I create a Hive table with schema: (please correct me if I am wrong)

CREATE EXTERNAL TABLE IF NOT EXISTS reg_logs (
id int,
region_code int,
count int
)
PARTITIONED BY (utc_date STRING, utc_hour STRING)
ROW FORMAT DELIMITED FIELDS TERMINATED BY '\t'
STORED AS TEXTFILE
LOCATION '/ad_data/raw/reg_logs';

All I want to do is copy data from HDFS to Hive. I do not want to use "load data inpath '..' into table reg_logs" because I do not want to manually enter data everyday. I just want to point Hive table to HDFS directory so it will get data for each day automatically.

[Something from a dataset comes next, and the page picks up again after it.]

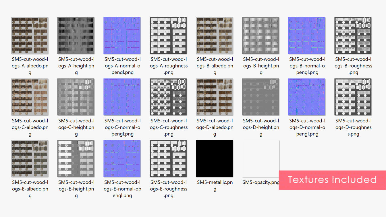 The product contains Albedo, Roughness, Height, Scattering and Normal map (OpenGL) textures for each material.

How can I achieve it? Please correct my hive table schema if needed and way to get data there.

==

2nd part:

I want to create another table reg_logs_org which would get populated from reg_logs. I need to put every thing on reg_logs_org from reg_logs beside hour column.

Schema I created is:

CREATE EXTERNAL TABLE IF NOT EXISTS reg_logs_org (
id int,
region_code int,
count int
)
PARTITIONED BY (utc_date STRING)
ROW FORMAT DELIMITED FIELDS TERMINATED BY '\t'
STORED AS TEXTFILE
LOCATION '/ad_data/reg_logs_org';

Insert data into reg_logs_org from reg_logs:

insert overwrite table reg_logs_org
select id, region_code, sum(count), utc_date
from 
reg_logs
group by 
utc_date, id, region_code

error message:

FAILED: SemanticException 1:23 Need to specify partition columns because the destination table is partitioned. Error encountered near token 'reg_logs_org'

==

Thank you,
Rio

Joe K Joe K · Accepted Answer · 2014-06-12T21:33:17

You're very close. The last step is that you need to add the partition information to Hive's metastore. Hive stores the location of every partition individually, and it does not automatically find new partitions. There are two ways to add the partitions:

Every hour, do an add partition statement:

alter table reg_logs add partition(utc_date='2014-06-11', utc_hour='03')
location '/ad_data/raw/reg_logs/utc_date=2014-06-11/utc_hour=03';

Every hour (or less frequently) do a table repair. This scans the root table location for any partitions it has not yet added.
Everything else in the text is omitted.